Isabelle has had JRA since the age of 2 so it was hard to tell

whether it was the disease/meds or the " terrible twos " that was

causing so many melt-downs. She is now 4 yrs. old and still cries

easily, freaks out over not having her socks on right at times even,

lol! I don't know really if the MTX can make a child have bigger

mood swings but I'll bet they do feel more tired than most children

in general and that can cause crying spells and crankiness.

I'll bet your daughter is feeling anger that she just doesn't know

what to do with. I know adults go through the same thing when

accepting a dx chronic disease. It's such a terribly out-of-contol

feeling and maybe your daughter has " a wisdom beyond her years " that

makes her keenly aware of what is happening to her. I would imagine

that time to come to an acceptance will bring about positive changes

in her behavior eventually. Try as much as you can to stay tough and

not let her get away with bad behavior at home (something all of us

moms can fall into the trap when we have children that are dealing

with disease and particularly when the disease is painful).
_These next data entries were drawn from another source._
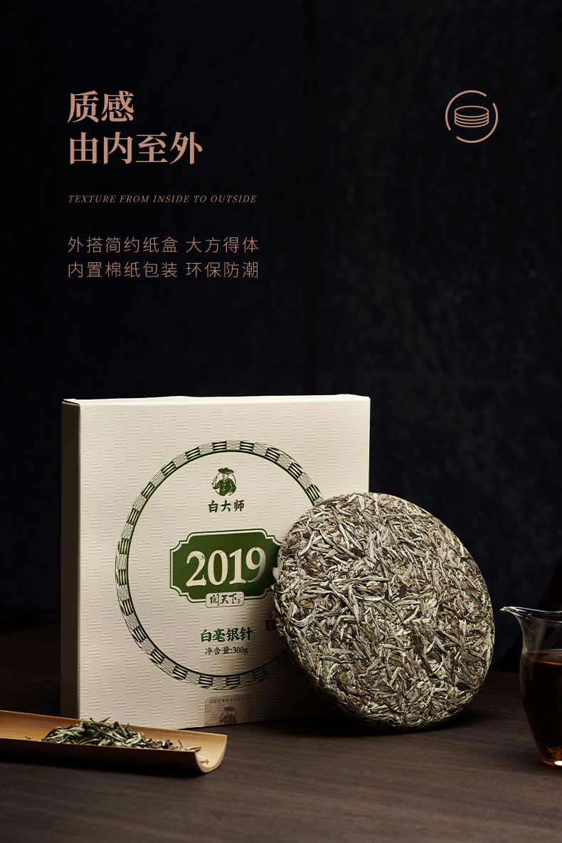 白大师阅天下2019年高山福鼎白茶白毫银针茶叶茶饼典藏礼盒装300g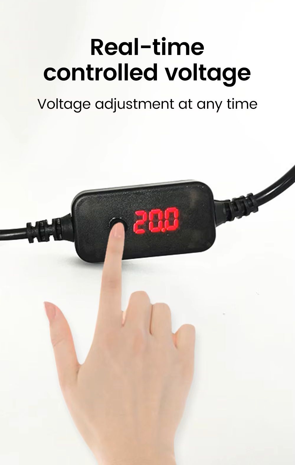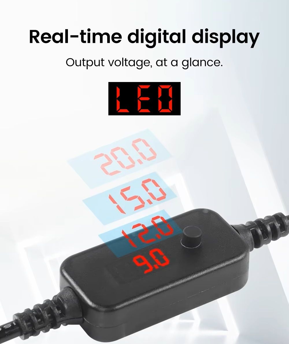 - Кнопка на корпусе кабеля позволяет быстро менять выходное напряжение и адаптировать питание под разные устройства, а цифровой индикатор показывает текущие параметры.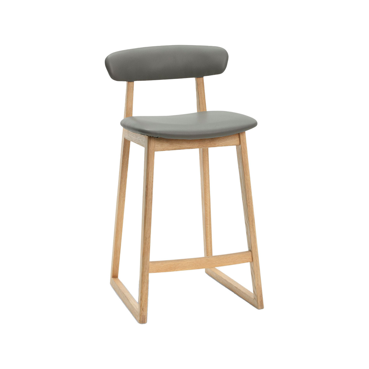 We've designed our Reflex range for interiors which strive for simplicity. This bar chair is upholstered with a soft faux leather seat and features a backrest for comfort. The minimalist frame showcases impressive woodwork: it's made from a combination of solid oak and sturdy bentwood and the angled legs form a stable and structured base. To preserve the wood, we've coated it in an oil which also brings out its natural grains and markings.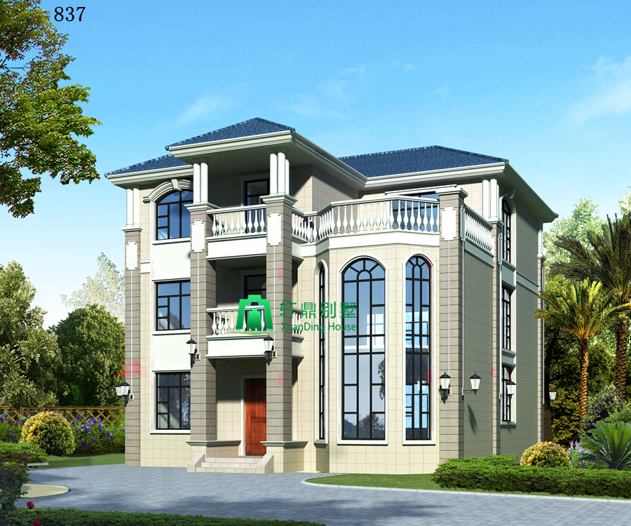 農(nóng)村三層自建房別墅12.5米*13米,八角落地窗設(shè)計,大氣十足

I really wish that there was a support group for our children that

meets monthly at the least for get togethers. I think having friends

that are dealing with JRA is a good way to feel not so alone in this

world. It can feel isolating as a parent even so I'll bet it's a

huge toll on our children. Maybe I should ask my rheumy if a group

support exhists in our area...???

Your a good mom and don't forget this. This too shall pass....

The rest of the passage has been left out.